Cells, plasmids, peptides and reagents

The MDCK, A549, NCI-H1650, 293T, Hela, Vero E6, CHO and NIH3T3 cells were purchased from The American Type Culture Collection (ATCC, Manassas, VA, USA). The Huh7.5.1 cells were provided by Dr Francis V. Chisari (Scripps Research Institute, La Jolla, CA, USA), and the chick embryo fibroblast (CEF) cells were derived from specific-pathogen-free fertilized eggs purchased from Vital River Laboratory Animal Technology Co., Ltd. Fibroblasts were prepared from 12-day old embryos under a specific procedure for the chicken embryo collection approved by the Ethics Committee of the Institute of Pathogen Biology. All the cells were maintained in DMEM medium (Invitrogen, Carlsbad, CA, USA) supplemented with 10% fetal bovine serum (Gibco, Carlsbad, CA, USA), 1% nonessential amino acids (Gibco, Carlsbad, CA, USA), and 1% penicillin and streptomycin (Gibco, Carlsbad, CA, USA) at 37°C under 5% CO2.
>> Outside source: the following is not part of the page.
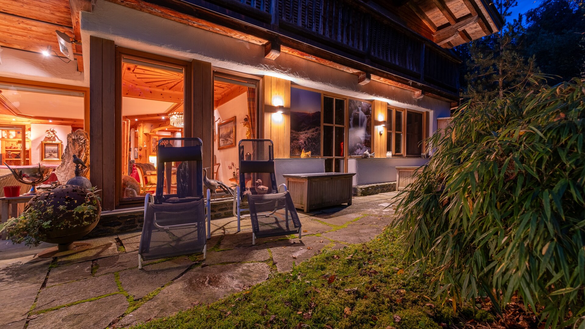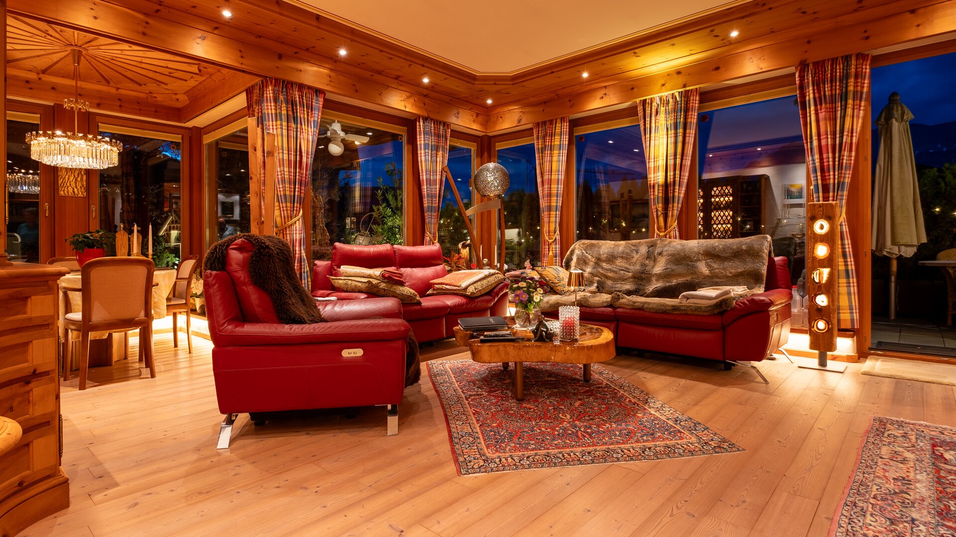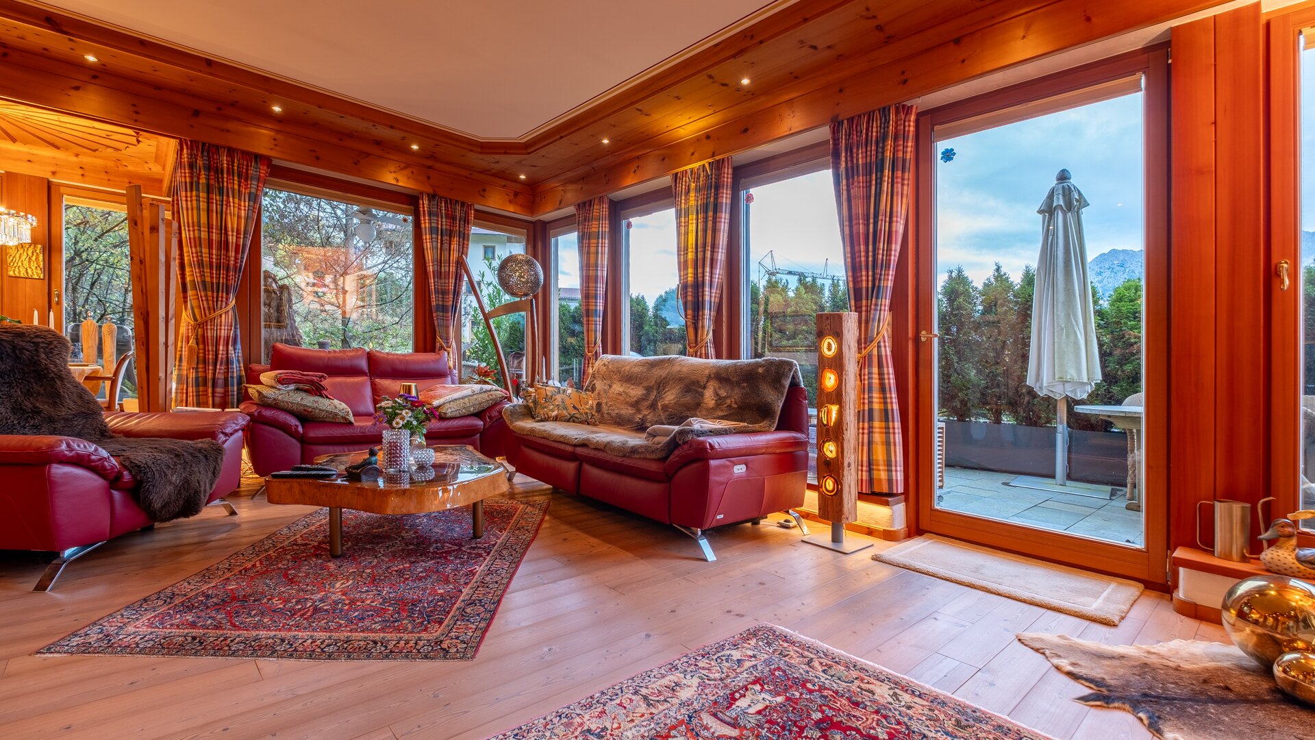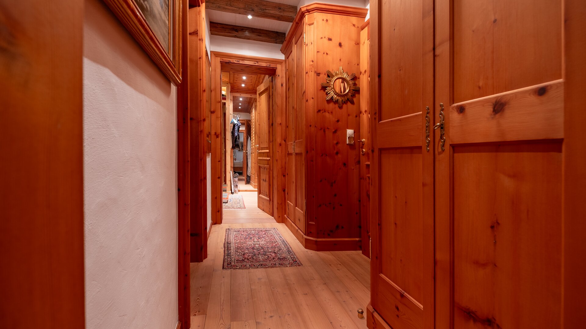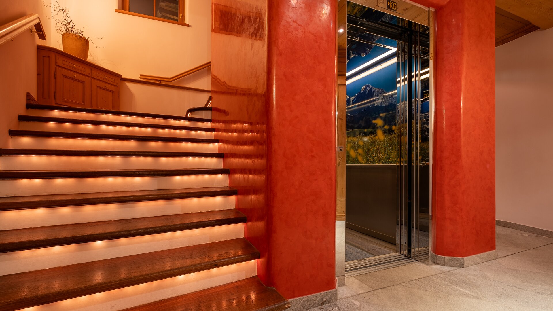 Bereits der erste Eindruck dieses Chalets ist beeindruckend. Ein stilvolles Entree heißt Sie und Ihre Gäste willkommen. Vom Vorgarten aus gelangen Sie entweder in Ihr privates Apartment oder über den praktischen Skikeller und den Aufzug direkt zu Ihrer Wohneinheit – ideal nach einem Tag auf der Piste oder einer Runde Golf.

pCAGGS.MCS-based expression plasmids carrying codon-optimized NA or HA genes for influenza A virus A/Brisbane/59/2007 (H1N1), A/California/04/2009 (H1N1), A/Brisbane/10/2007 (H3N2), A/Anhui/1/2005 (H5N1) and A/Anhui/1/2013 (H7N9) were constructed by inserting synthesized sequences into KpnI/SacI restriction sites of pCAGGS [12] (addgene).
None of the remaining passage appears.